In the first few pages of this book, Skippy turns purple in a doughnut shop, falls onto the floor, writes a half-message in raspberry filling with his finger, and then, of course, dies.

The book then cycles back in time, splits itself into thirds - Hopeland, Heartland, and Ghostland - and gives us the whole story. It's about a private boarding school in Ireland called Seabrook. It's about the 14 year old boys who live there. It's about the teachers that teach there. It's about string theory and the 11 dimensions of space and time. It's about Irish folklore and repressed Fathers and diet pills and watching girls through telescopes and Hallowe'en dances and text messaging. And then it's about death.

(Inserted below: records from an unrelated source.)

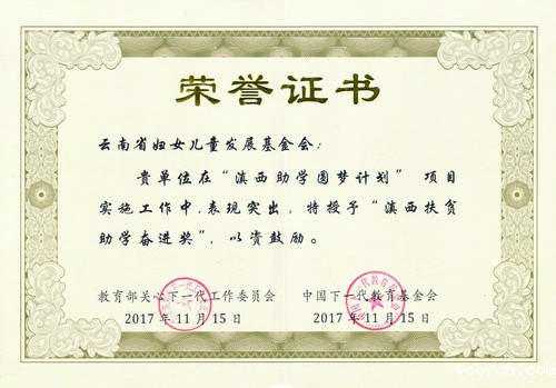 2017年11月15日,获得教育部关心下一代工作委员会、中国下一代教育基金会授予“滇西扶贫助学奋进奖”;
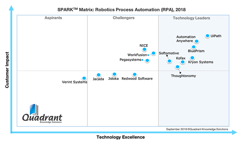 According to the Quadrant’s research findings, Softomotive is positioned amongst the technology leaders in the 2018 SPARK Matrix analysis of the global RPA market. Softomotive is amongst the early providers of automation solution and offers WinAutomation, the desktop version, and ProcessRobot, an enterprise-class RPA platform with capabilities including centralised robot management and control, advanced analytics, ROI dashboard, scalability, enhanced security, and artificial intelligence (AI) and machine learning (ML) through integration with best-in-class cognitive services, including Microsoft, Google, and IBM Watson and ABBYY FlexiCapture.
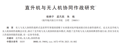 有人与无人协同作战样式是世界军事强国着眼于未来强对抗环境而探讨的全新作战样式。论文从直升机与 无人机协同作战概念出发,探讨了直升机与无人机协同的基本模式,构想了直升机与无人机协同典型作战行动,旨在为有无 人作战协同提供思路,有一定参考价值。鉴于直升机独特性能优势,世界军事强国正加 紧直升机与无人机协同应用研究并投入战场使用, 深入探索无人机与直升机的集成方法,研究直升机 与无人机协同作战概念及关键技术,形成完善的作 战理念及战术战法,致使未来无人机和直升机在相 互协同时,以最有效的方式发挥各自优势,共享战 场信息,进行相互支援、相互保障和相互掩护,协同 完成作战任务,达成“1+1”大于2。
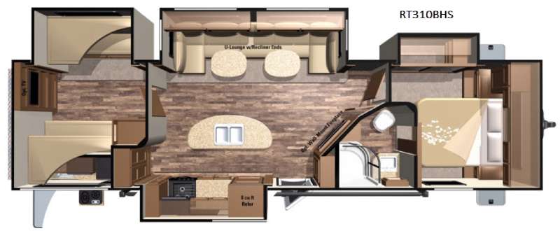 This Open Range Roamer travel trailer RT310BHS features quad slides, a private bunkhouse that the kids or guests will love, a kitchen island, and an outside kitchen too!
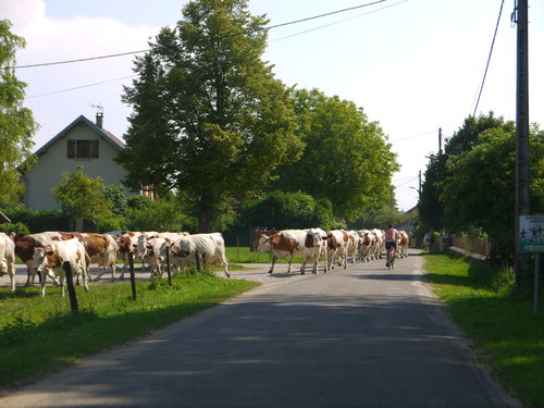 前往Lac de Chalain的路上,我們碰到了牛群剛放牧完正要回家,馬路上塞牛的情景。
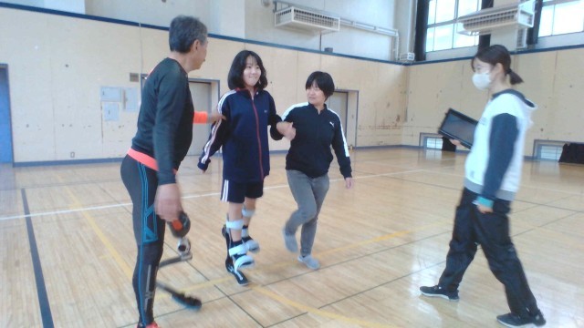 義足を付けて歩くことにも挑戦しました。立ち上がることも一人ではこわくて、まわりに支えてもらいながらの歩行です。中には、コツをつかんで支えなしで歩く上手な生徒もいました
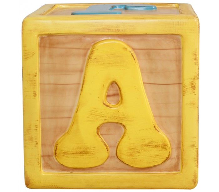 Legetøjsklods udført i et design af antik gul og fremstillet i solidt fiberglas. Klodsen måler 55 cm i højden og 55 x 55 cm i bredde og dybde.
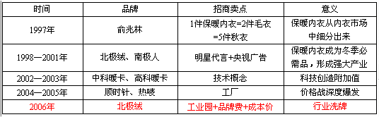 保暖内衣行业的发展史,亦可称为保暖内衣各品牌的招商史。从1997年至今,一共出现过五次颠覆行业招商格局,改变行业游戏规则的大转折。
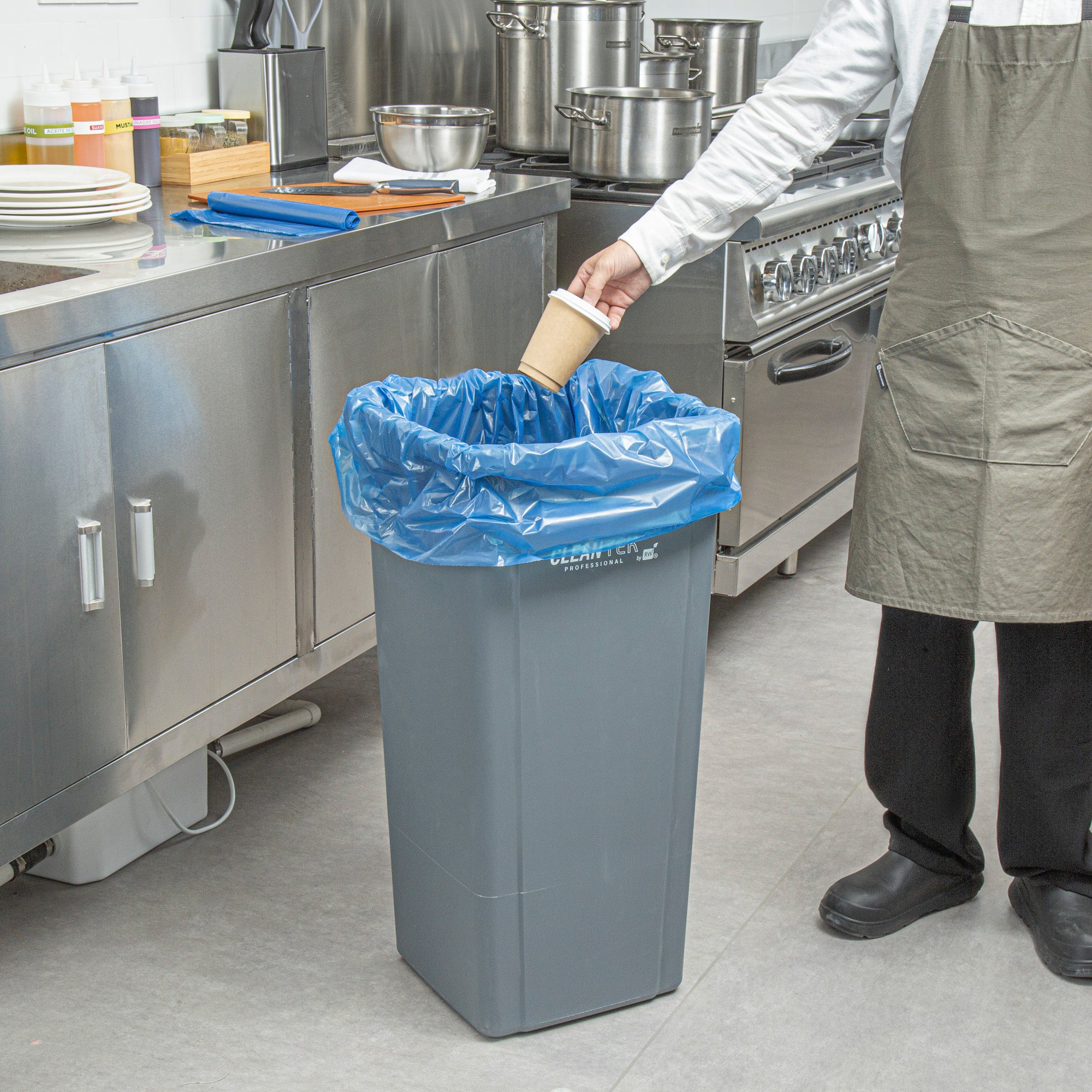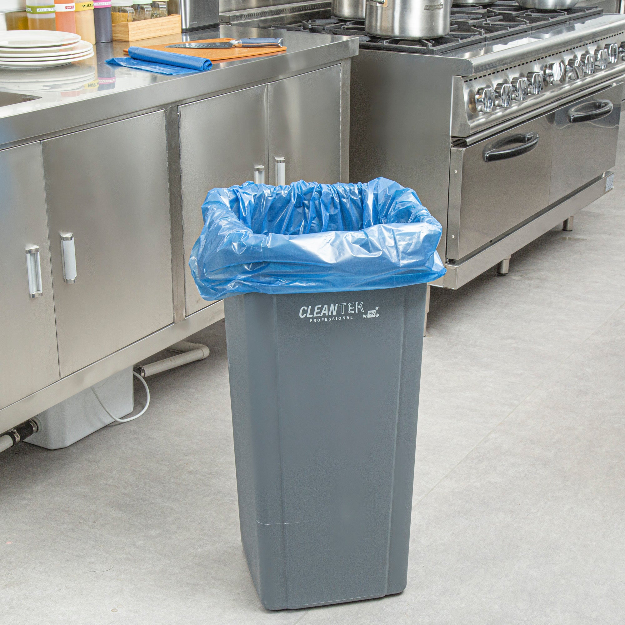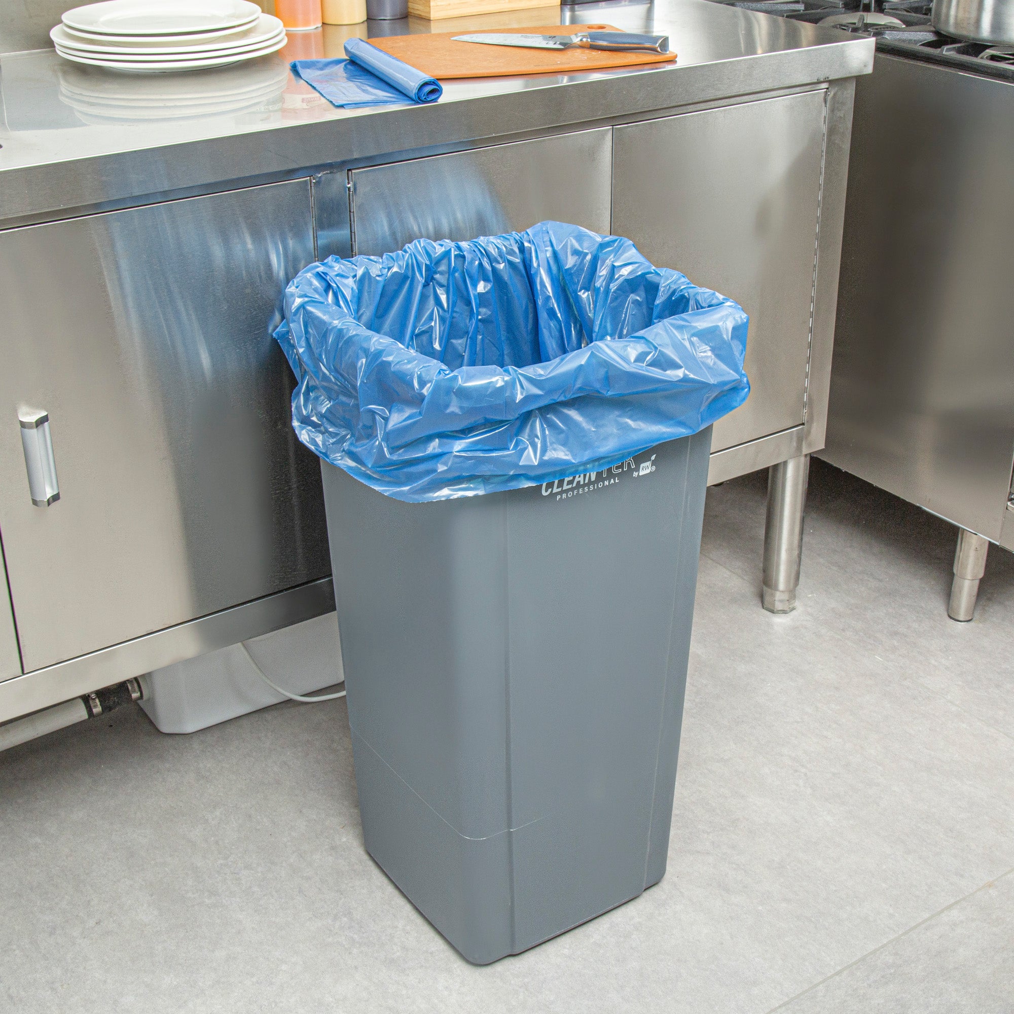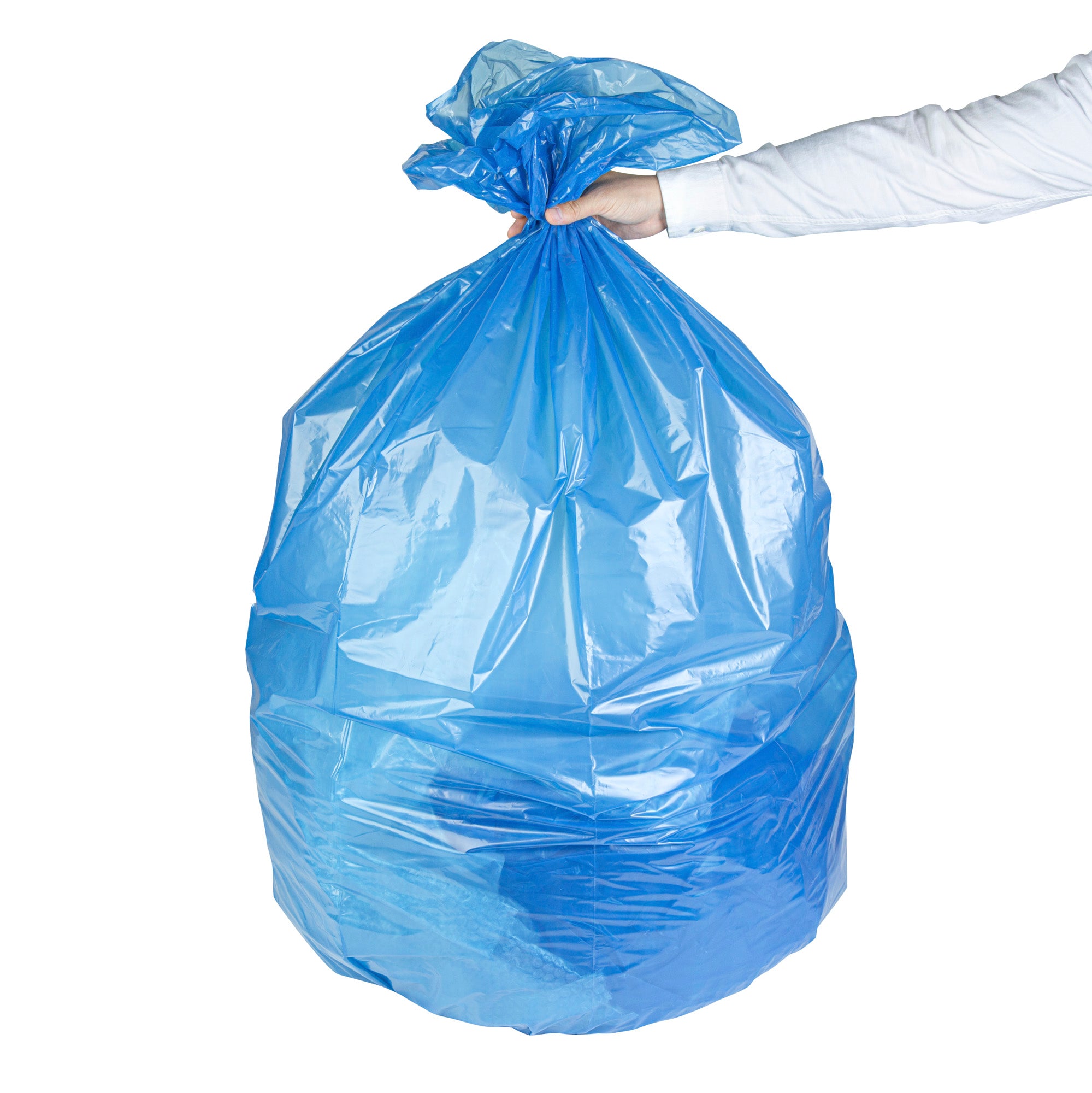 Streamline waste management with these versatile and durable bags. Clean Tek Professional Puncture-Resistant High-Capacity Blue Garbage Bags are crafted from robust plastic material that boasts linear low density, ensuring resistance against rough transport conditions, making them ideal for handling jagged or sharp waste. Designed with a leakproof construction, these blue garbage bags efficiently prevent spills during deliveries. Featuring heavy-duty construction, these bags support bulky kitchen waste, while their star seal bottom trash bag design enhances their carrying capacity and prevents unwanted leaks. With dimensions of 40 inches in length and 46 inches in width, these bags are perfect for accommodating larger volumes of refuse, aligning with the needs of eco-conscious businesses seeking recyclable solutions. Enhance your establishment's waste disposal system with these heavy-duty recycling bags. Each order includes 100 Clean Tek Professional Puncture-Resistant High-Capacity Blue Garbage Bags.

I loved some of this book. The science experiments, the nervous breakdowns, bad boy Carl stealing fireworks to trade for diet pills to trade for blowjobs and anal sex, the musings on space and time and the fabric of reality. I liked all that. Other things, the 14-year-old dialogue, the lighting of farts into fire, the long tirades about priests and repressed homosexuality, and private school behind-closed-door dealings, the rather unlikable 2-dimensional adults... It's 661 pages, and Paul Murray tries to cram in, it seems, everything he's ever learned about the world. Some of it is fascinating. Some of it ends up being rather masturbatory.

But the book is fun, and it's fast, and you get to like Skippy so much that you forget what the book is called, until about halfway through, when you remember again, and then you get sad because you know that Skippy Dies.